Love the username! The first thing i pictures was some guy punching a cow, LOL!

Welcome to the board! I share two of your three passions, starting horses, and fixing "problem" horses/owners =) You sound like a great, well rounded guy, and a good addition to the community here!

Cant wait to hear more about you! =)


----------



## kristy

cowpuncher said:


> I don't mid you asking. Ask away. After I read through a lot on here I realized I am danged near twice as old as most of the posters on here.....30.


 :lol: Yes, there are so young ones. It's nice that they have such an opporturnity to learn. 
I asked your age because of your signature. I thought you were either wise and experienced, or young and insightful. :wink:


----------



## cowpuncher

kristy said:


> :lol: Yes, there are so young ones. It's nice that they have such an opporturnity to learn.
> I asked your age because of your signature. I thought you were either wise and experienced, or young and insightful. :wink:


I'm old, but not wise, and was never insightful when I was young. I just get tired of hearing "natural horsemanship this" "natural horsemanship that......" People seem to forget that the Dorrance brothers, and Ray Hunt, and Pat Parelli, and Brannaman, etc....all of them were cowboys and buckaroos before they were "Natural Horsemen."


----------



## Painted Horse

CowPuncher,
Not every body is a youngster on here, and I'm old enough to probably be your Dad. And not everybody rides show horses like many of the photos on this website dipict. 

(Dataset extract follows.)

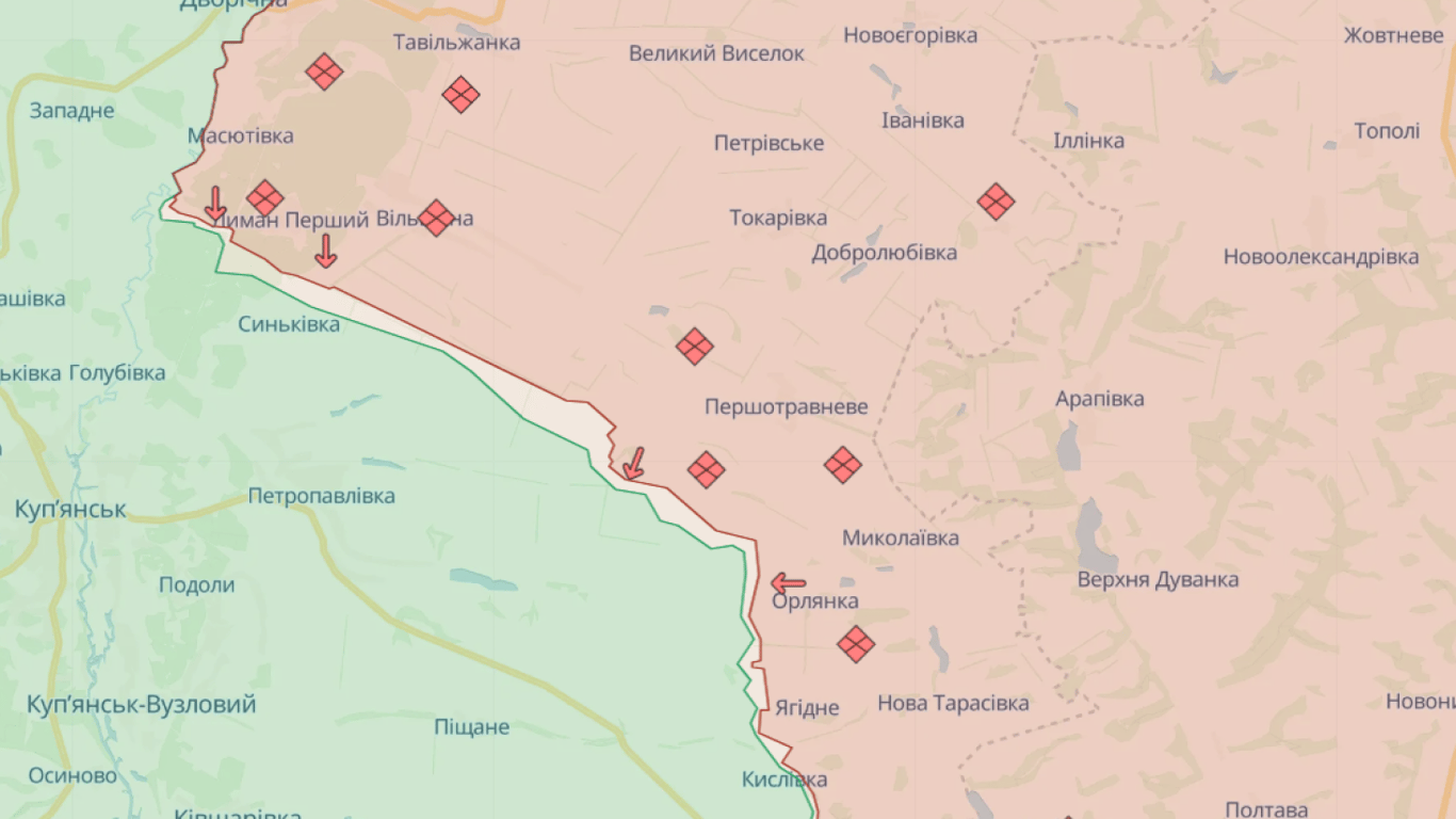 - Зеленым — территории, захваченные россиянами за время полномасштабного вторжения, но затем освобожденные Силами обороны Украины.

I'm from Utah ( Close enough to ION ) I don't spend much time around cows. But I do ride a lot in the mountains of Utah & Wyoming . Take a look over in the Horse Pictures forum under the Thread titled "Rough Ride" to see some of the country I ride.

Enjoy your stay in the mid west.


----------



## cowpuncher

Painted Horse,,,,I love that Utah country. I cowboyed south of Vernal for a while and started colts for a QH breeder in Vernal for a while, and have some friends that live in Ogden. 
What part of UT are you in? I'm hoping to return out thataway this spring myself.


----------



## Painted Horse

I live 20 minutes north of SLC. I have a good friend who moved out to Roosevelt. I join him several times each year to ride in someplace. Usually stay a night or two, fish and come home.

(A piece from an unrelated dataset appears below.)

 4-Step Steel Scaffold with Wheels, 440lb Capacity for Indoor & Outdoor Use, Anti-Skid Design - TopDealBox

I hunt a lot South of Duchsene. So I ride a lot over in that country.

Look familar? I mean the country not the 8 bulls.










I had father of a good friend. ( I guess they were 3rd cousins) who sold his farm here and bought a cow/calf ranch over in eastern Oregon. His kids that were my age run the local vet business. So I see them pretty often, but I haven't seen much of their parents since they moved. Land has just gotten too expensive to let animals stand on here.


----------



## cowpuncher

I love and MISS the sagebrush, and I've only been here visiting for a week now! 20 minutes north of SLC, would be Roy or somewhere, right? But it looks like that is further west, in the actual hills? 
I know all about the price of land being so high. I'd love to buy up sme acreage and put a covered arena on it so i could train for the public in that area year round. No way I can come up with that kind of dough though. 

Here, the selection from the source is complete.